Mortgages backed by Fannie Mae and Freddie Mac allow qualified borrowers to make down payments as low as 3 percent. Monthly debt payments relative to income, credit scores, down payment size, and how much savings are left after closing will all affect the interest rate.

You may be required to keep extra savings in reserve if any of those factors fall outside of certain thresholds. It is important to remember that Fannie and Freddie each have their own set of requirements, but mortgage lender may have even stricter rules and different costs, which is why comparison shopping is important.

There is a department for veterans affairs. V.A.-backed loans are available to eligible veterans, members of active-duty service, the National Guard, the Reserve and eligible surviving spouses. The program doesn't require a credit score at all.

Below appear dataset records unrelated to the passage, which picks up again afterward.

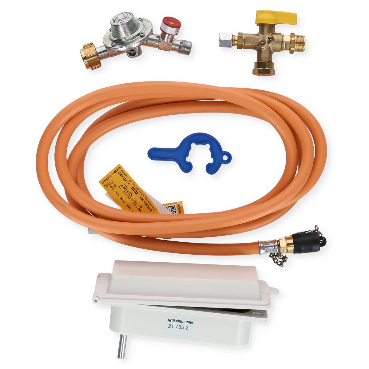 GOK Versorgungsklappenset inkl. Gasregler, Gasschlauch, Umschaltventil, MiniTool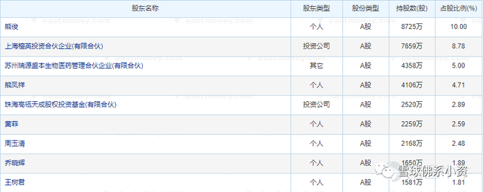 君实生物:2016年2月,君实生物在新三板挂牌后第二次股票融资时,珠海高瓴天成股权投资基金(简称“高瓴创投”)出资约1000万认购君实生物2520万股,并获得董事会席位。君实生物2021年一季度财报显示,高瓴创投位列第五大股东。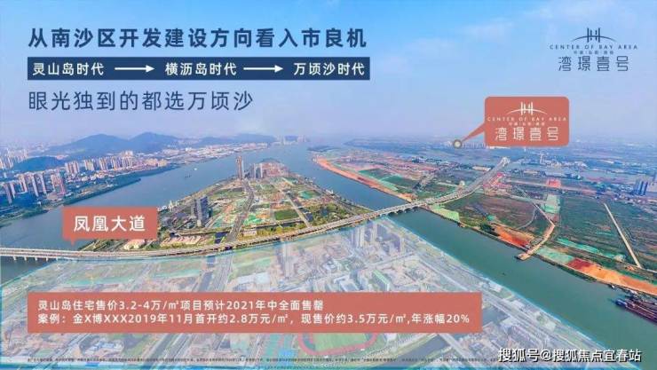 • 凤凰大道:南沙城市开发的黄金主轴,从蕉门区府到灵山岛、到横沥岛,下一个开发热点就在珠江街南沙枢纽区块,与其追高入市横沥岛,不如提前布局投资南沙枢纽区块,3公里10分钟车程直达横沥岛(最高楼面地价19140元/㎡),吹风直奔4字体,本案属于绝对的价格洼地。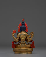 Chenrezig, a Tibetan Buddhist Art Piece, stands at 5.9 inches (15 cm) tall with a base measuring 3.9 inches (10 cm) and weighs 0.49 kilograms, making it a delicate yet sturdy piece. It features a copper body richly gilded with 24K gold, lending it a radiant and sacred glow. The detailed gold and acrylic paintings add vibrant color and depth, highlighting the intricate artistry involved in their creation.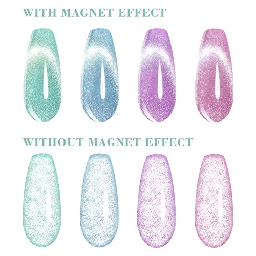 Vishine Smalto Gel Semipermanente Magnetico, Confezione da 4 Smalto per Unghie Cat Eye Glitter Olografico Cat Eye UV Semi-Permanente Glitter Lucido Auroras Snowlight Cat Eye Nail Art 8ml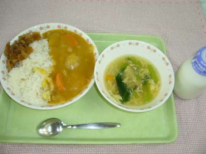 今日から10月です。すっかり涼しくなって、一気に秋がやってきました。今日の給食は、秋のカレーライス・たまごスープ・福神漬け・牛乳です。秋のカレーライスは、いつものカレーライスとはちがって、じゃが芋のかわりにさつまいもが入っています。それからもう一つ、恩二小の秋の味覚『クリ』をごはんと一緒に炊き込みました。今年も恩二小のクリの木はたくさんの実をつけています。これからも、どんどん給食で使用していきますのでお楽しみに!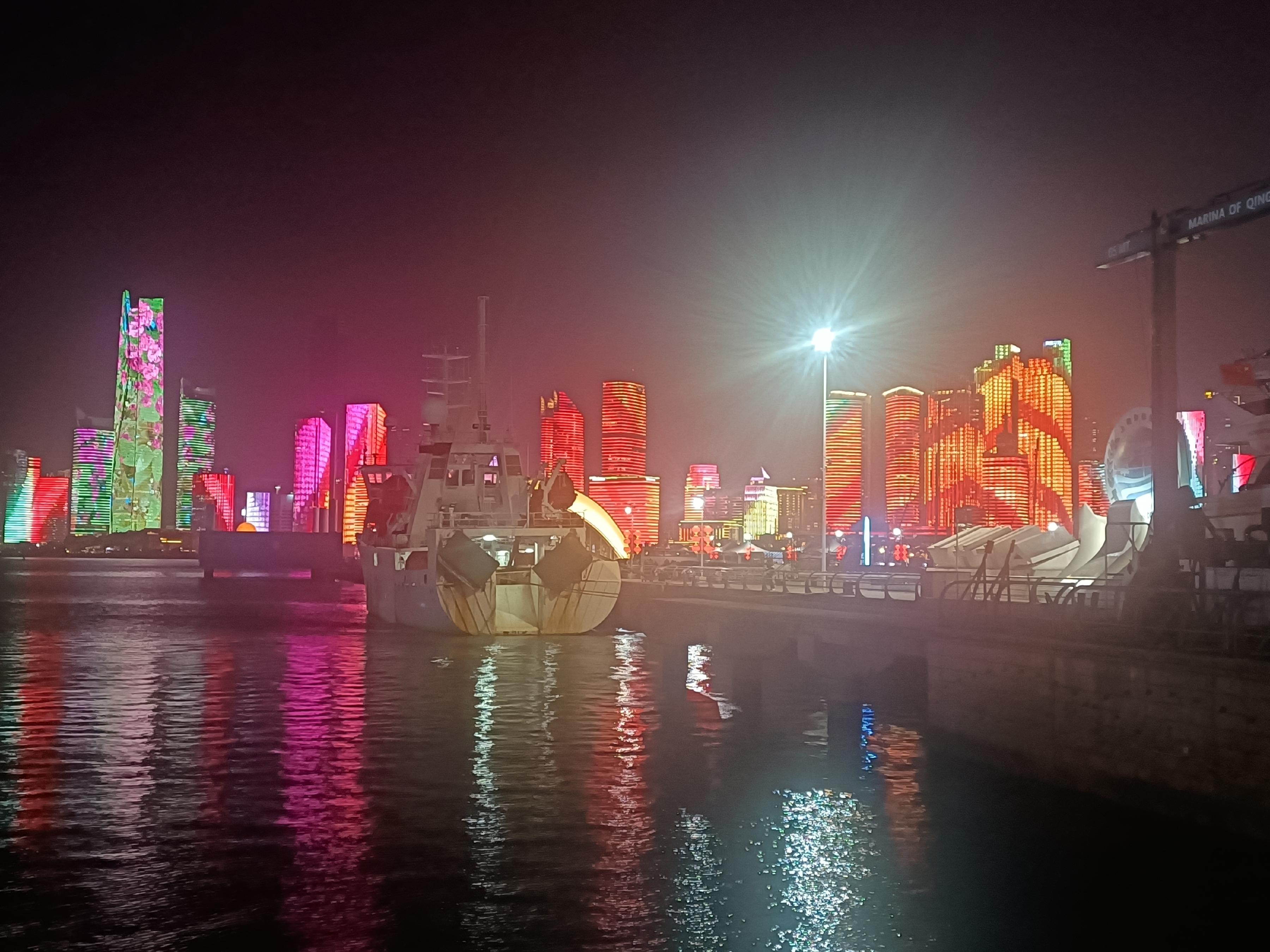 ③霓虹:滨海的高楼大厦,不时打出霓虹灯,五光十色,变换多端,照亮夜空。景色颇为壮观。

A one-time fee of 2.3 percent of the loan amount is charged to borrowers who put down less than 5 percent. Lower fees are achieved by higher down payments. More than half of current borrowers are exempt because they get disability compensation.

You can end up with a loan that surpasses the value of your home if the fee is rolled into the loan.

Mortgage rates tend to be more consistent across its borrowers because V.A. doesn't charge extra fees for low credit scores. It pays to shop around when the lender folds in their own costs.

The program has a team of loan technicians who can help borrowers with their loan servicer. The U.S. Department of Agriculture is located in the U.S. A special type of government loan that you might think is reserved for farmers was one of the reasons people fled cities after the Pandemic.

The U.S.D.A. offers mortgages with no money down to people with low or middle incomes. A couple earning $104,000 can apply for a loan to purchase or build a home in San Bernardino County, Calif., through an approved lender.

The upfront fee of the loan and annual fee of the principal balance are included in the costs.

Some of the biggest players in the mortgage industry are not banks. They may not be familiar with every low-down-payment loan program, so it is always a good idea to ask about specific products.

Credit unions that are owned by their members may have policies that can help borrowers get a loan.

Credit unions are not always exclusive. Anyone can join the Pentagon Federal Credit Union.

Westerra has a low down-payment product for Colorado homes that requires just 3 percent down. It doesn't have an income limit.

Chase and Bank of America have low-down-payment products that allow eligible applicants to put no money down.

The U.S. Bank requires borrowers to take a course in order to take the loan.

According to an executive vice president at the bank, providing more paths for education will lead to borrowers who fully understand how the loan program works and be better prepared to handle any adversity.